Member of the Legislative Assembly of Alberta for Athabasca-Lac La Biche
- In office 1986–1989
- Preceded by: district created
- Succeeded by: Mike Cardinal

Personal details
- Born: May 22, 1946 (age 80) Plamondon, Alberta
- Party: Alberta New Democratic Party
- Children: Colin Piquette, two others

= Léo Piquette =

Canadian politician

Léo Piquette (born May 22, 1946) is a retired Canadian politician in the province of Alberta. A member of the Alberta New Democratic Party, he was the member of the Legislative Assembly of Alberta (MLA) for the district of Athabasca-Lac La Biche from 1986 to 1989.

Piquette is largely remembered for what would come to be known as the "Piquette Affair." On April 7, 1987, Piquette attempted to ask a question in French in the Legislative Assembly of Alberta. Speaker David J. Carter twice prevented him from asking the question, ruling that English was the only language permitted in the legislature. Piquette appeared before a special hearing of the legislature's Election and Privilege Committee to argue the legislature had a duty to let members speak both English and French. He relied on section 110 of the Northwest Territories Act, which provided that members of the Northwest Territories legislature could use both English and French in debates. Piquette reasoned that the Act (which governed the territory that contained Alberta before Alberta became a province in 1905) had never been repealed, and was still in effect.

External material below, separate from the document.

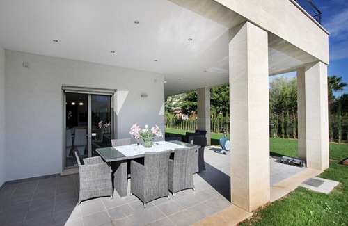 Just a few meters from the quiet beach "Llenaire" in Puerto Pollensa you find this outstanding Villa in a very quiet residential Side Lung named Llenaire. The villa has a fantastic pool and a large garden with a large lawn and many plants and flowers. The house has a modern, contemporary flair. The Mallorcan stones that cover some of the walls, creating a contrast to the wooden upper area of the villa. The outside does not let the large interior of the house. Passing the pergola at the entrance is an impressive hall that leads straight into the living room to, on the left is from the floor staircase to the first floor one of the two bedrooms on the ground floor. The large rooms of the house and the furniture Luxurious facilities are already here at the entrance to advantage. The largest room in the house is the living room. Living room (left) and the dining room (right). The large windows provide a view of the terrace and the pool outside. In addition to the dining room with a stylish glass table a hallway leading to the kitchen, which is very well furnished, with an island in the middle. Behind the kitchen is the laundry and the machine room. In this corridor, the door to the second bedroom on the ground floor, a very impressive double room with direct access to the swimming pool. First, the upper floor is a hallway to the three bedrooms, a small multi-purpose area and a door to the rear terrace. The first cozy bedroom has a double bed, a small terrace and a bathroom with a jacuzzi. The master bedroom is actually a large room with access to the large terrace. The spacious bathroom has a shower and a jacuzzi. The third bedroom here has a very nice shower and a double bed. Some of the highlights of this luxurious new building include air conditioning and underfloor heating in all rooms, a large swimming pool and two hot tubs. Internet access and satellite TV. Lurury Bathroom fittings and flooring. Very quiet location, 100m from the beach quiet Llenaire

The incident sparked two rallies at the legislature in April and December 1987, where hundreds of francophones from across Alberta demonstrated in support of francophone language rights.
In February 1988, the Supreme Court of Canada released its decision in R. v. Mercure, [1988] 1 S.C.R. 234. The Court ruled that s. 110 continued in force in both Saskatchewan and Alberta but also held that the legislatures of those provinces could unilaterally modify these language rights. The Alberta Legislature responded by passing the Languages Act in 1988, which states that Members of the Legislative Assembly may use either English or French in the Assembly.

After his electoral defeat in 1989, Léo Piquette stayed active in the francophone community and provincial politics. In 1994, he helped pioneer francophone education in Alberta after the Alberta government recognised the constitutional right of francophone parents to publicly funded francophone schools. He became a school board member of the Conseil Scolaire Centre-Est in 1994 and was Chair of the Board until 2004 when he was elected as President of the Fédération des Conseils Scolaires de l'Alberta. He was also a founding member and President of the Chambre Économique de l'Alberta. He is currently the Alberta Director for RRDEE Canada, a group of businesspeople who work with the federal government to implement bilingualism policies throughout Canada.

His son Colin Piquette served as NDP MLA from 2015 to 2019.